Je cache en mon cœur un enfer
Plus grand que l’effrayante haine
De la foule où je me promène
Pour noyer mes chagrins amers.

Rebelle aux mensonges diserts
De l’amitié, je me démène
Parmi les cauchemars obscènes
Qui saccagent mon univers.

Dans ma conscience se déchaîne
L’ange de la mort aux mains pleines
De tisons qui rongent ma chair.

Au seuil de ma chute certaine,
Je gémis dans le lit en fer
De mon appartement désert.

5.11.04

Taureau condamné

La foule enthousiasmée trépigne dans l’arène
Où m’attend fièrement le fougueux torero,
Un enfant du pays érigé en héros
Par la ville assoiffée de boucheries obscènes.

Tandis que s’amplifie la rumeur inhumaine
Des connaisseurs qu’égaie l’ardeur de mon bourreau,
Je sens faillir mon cœur de battant sous les crocs
De l’effroi augurant ma défaite prochaine.

Expert incontesté en meurtres de taureaux,
L’arlequin belliqueux bombe les pectoraux,
Pendant qu’à mon entrée, les bravos se déchaînent.

Avant de succomber, couché sur le carreau,
J’espère transpercer l’odieux énergumène
Qui me lance à présent un regard noir de haine.

Obscurité merveilleuse

Dans la ville endormie, je creuse
Un jardin de vers enchanteurs,
Prompts à illuminer mon cœur
De leur tendresse chaleureuse.

Au sein de la nuit ténébreuse,
J’éteins mes doutes ravageurs
Dans une précieuse liqueur
Gorgée de promesses joyeuses.

J’étouffe les accords mineurs
Du concerto de la froideur
Dans une guitare enjôleuse.

J’enterre les spectres rageurs
De ma mémoire scrupuleuse
Dans l’obscurité merveilleuse.

4.11.04

Outre-tombe

Vivants, allez gémir ailleurs
Au lieu d’ânonner vos prières
Qui salissent le cimetière,
Règne du néant rédempteur.

Écartez vos affreuses fleurs
De mon royaume de poussière
Pour que ma demeure dernière
Conserve sa calme splendeur.

Essuyez vos larmes grossières
Qui souillent le berceau de pierre,
Où je m’effrite sans douleur.

Tenez loin de mon âme fière
Votre chagrin dont l’impudeur
Ébranle ma sombre froideur.

Nuits poétiques

Dans le profond creuset de mes nuits sans dormir,
Jaillissent des bouquets de radieuses images
Que mon stylo assemble en poèmes sauvages
Dont les fiévreux quatrains exaltent mes désirs.
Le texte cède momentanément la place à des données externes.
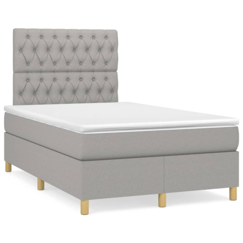 1 kép világosszürke szövet rugós és LED-es ágy matraccal 120x190 cm

Aussitôt que le ciel commence à s’obscurcir,
J’invite mon esprit à partir en voyage
Au pays flamboyant du bonheur sans nuages,
Où les mots baladins chantent pour m’accueillir.
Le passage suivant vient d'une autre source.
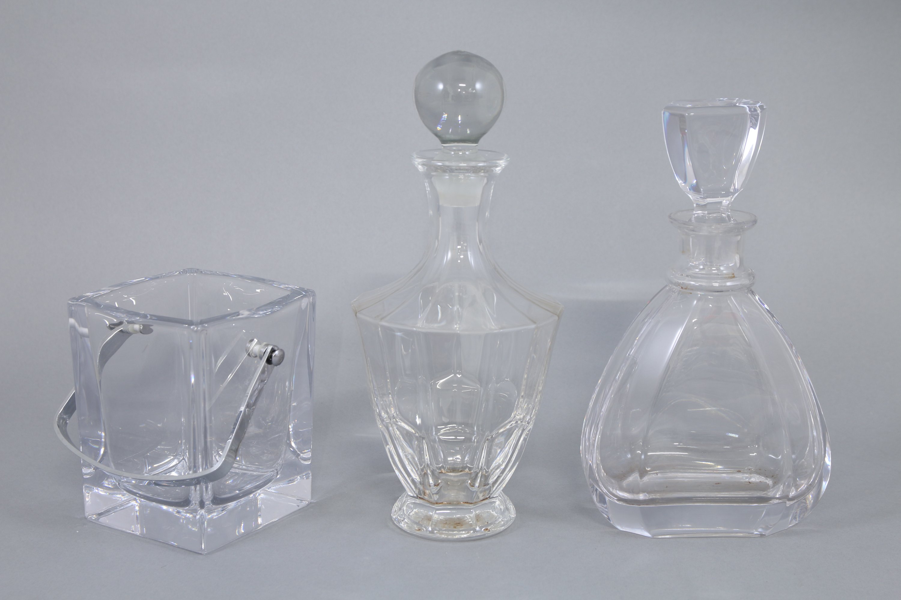 - Deux carafes en cristal, l'une à bouchon en boule, l'autre à pans coupés. Haut. 25,5 et 30,5 cm.

À l’abri du sommeil lourd de silence sage,
Mon âme débridée aborde au doux rivage
Du verbe pourvoyeur de chatoyants plaisirs.

Je cisèle en solo les diamants du langage
Pour composer des vers empressés d’embellir
L’horizon délavé du matin à venir.

3.11.04

Évasion ultime

Loin de la ville où gronde une foule en armures,
Pressée de lacérer son visage fardé,
La princesse s’enfuit sous un ciel lézardé
De prodigieux éclairs jaillis à vive allure.

Tandis que la noirceur de la nuit se fracture
En lambeaux d’épouvante, où le diable excédé
Grave la partition du chant des suicidés,
La rebelle, vaincue, creuse sa sépulture.

Précédant le démon qui joue sa mort aux dés,
Elle éteint son futur sur le caveau bordé
D’immenses chardons noirs d’où la haine suppure.

Dés qu’une pluie glacée commence à inonder
Le marbre immaculé, la frêle créature
Plonge dans le néant exempt d’âmes impures.

Pays de la mièvrerie

Au pays de la mièvrerie
Fusent des rires de bonheur
Pétris d’une immonde candeur
Habillée de cajoleries.

Au creux des consciences nourries
De mensonges avant-coureurs
D’une inexpugnable fadeur,
Se trame la sensiblerie.

Cachée dans les bouquets de fleurs,
La bêtise enivre les cœurs
Que trompe sa coquetterie.

Dans le berceau de la lourdeur
Tapissé de minauderies,
S’échafaude la niaiserie.

2.11.04

Moustique gourmand

Las de piquer la peau cireuse
D’une foule d’humains pressés,
L’animal commence à sucer
Une amanite vénéneuse.

Rongé de brûlures affreuses,
Impossibles à effacer,
Il décide de se glisser
Dans le cerveau d’une dormeuse.

Grisé de rêves opiacés,
Le moustique essaie d’embrasser
Une libellule orgueilleuse.

L’insecte éconduit, agacé,
Éteint ses déceptions nombreuses
Dans une liqueur sirupeuse.

Réconfort stellaire

Lassée de contempler la lune au firmament,
Relayée au matin par les lueurs blafardes
D’un soleil apeuré par nos luttes bavardes,
Je te laisse, poison, aux mains de ton amant.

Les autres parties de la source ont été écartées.